Forecasting We can use the fitted model to forecast future values, in particular, to predict a k-steps ahead value of y with a given value of \({\varvec{x}}\) and the observed data. Namely, we forecast \(y_{f} \) at \(f=k+n\) when \({\varvec{x}}_f\) is given for observations \((y_1,{\varvec{x}}_1'), \ldots , (y_n, {\varvec{x}}_n')\). In many time series data, we could guess \({\varvec{x}}_f\) reasonably well to predict \(y_f\) or we can specify desired value of \({\varvec{x}}_{f}\).

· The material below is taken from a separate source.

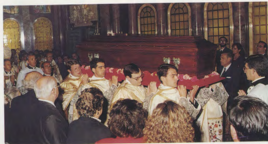
May 21, 1992: Procession in the prelatric church of Our Lady of Peace, where the holy remains of Blessed Josemaría Escrivá rest.

lives of men and women. On May 17, after the beatification, the glass case was uncovered and the coffin could be seen by everyone. Hundreds of Masses, cel-

Prediction of \(y_f= {\varvec{x}}_f' {\varvec{\beta }}+ \epsilon _f\) is given as \( {\varvec{x}}_f' \hat{{\varvec{\beta }}} + E(\epsilon _f \,|\, {\varvec{\epsilon }})\), where \(\hat{{\varvec{\beta }}}\) is the estimate obtained by the estimation procedure in the previous section. The conditional expectation of \(\epsilon _f\) given \({\varvec{\epsilon }}\) is \(E(\epsilon _f \,|\, {\varvec{\epsilon }})={\varvec{h}}' {\varvec{\Gamma }}_n^{-1} {\varvec{\epsilon }}\), where \({\varvec{h}}=\mathrm{Cov}({\varvec{\epsilon }}, \epsilon _f)=(\gamma (k+n-1),\ldots , \gamma (k))'\), \(E({\varvec{\epsilon }})= {\varvec{0}}\) and \(\mathrm{Var}({\varvec{\epsilon }})={\varvec{\Gamma }}_n\). This prediction idea is embedded in the Gibbs sampling steps. In the \(r-\)th iteration, we get \({\varvec{\beta }}^{(r)}\) and \({\varvec{\Gamma }}_n^{(r)}\). From these, we obtain \({\varvec{\epsilon }}^{(r)}={\varvec{y}}-{\varvec{x}}'{\varvec{\beta }}^{(r)}\). Then, \(y_f^{(r)}\) is obtained by \(y_f^{(r)}={\varvec{x}}_f'{\varvec{\beta }}^{(r)} + \epsilon _f^{(r)}\), where \(\epsilon _f^{(r)}=E(\epsilon _f \,|\, {\varvec{\epsilon }}^{(r)})={{\varvec{h}}^{(r)}}' {{\varvec{\Gamma }}_n^{-1}}^{(r)} {\varvec{\epsilon }}^{(r)}\).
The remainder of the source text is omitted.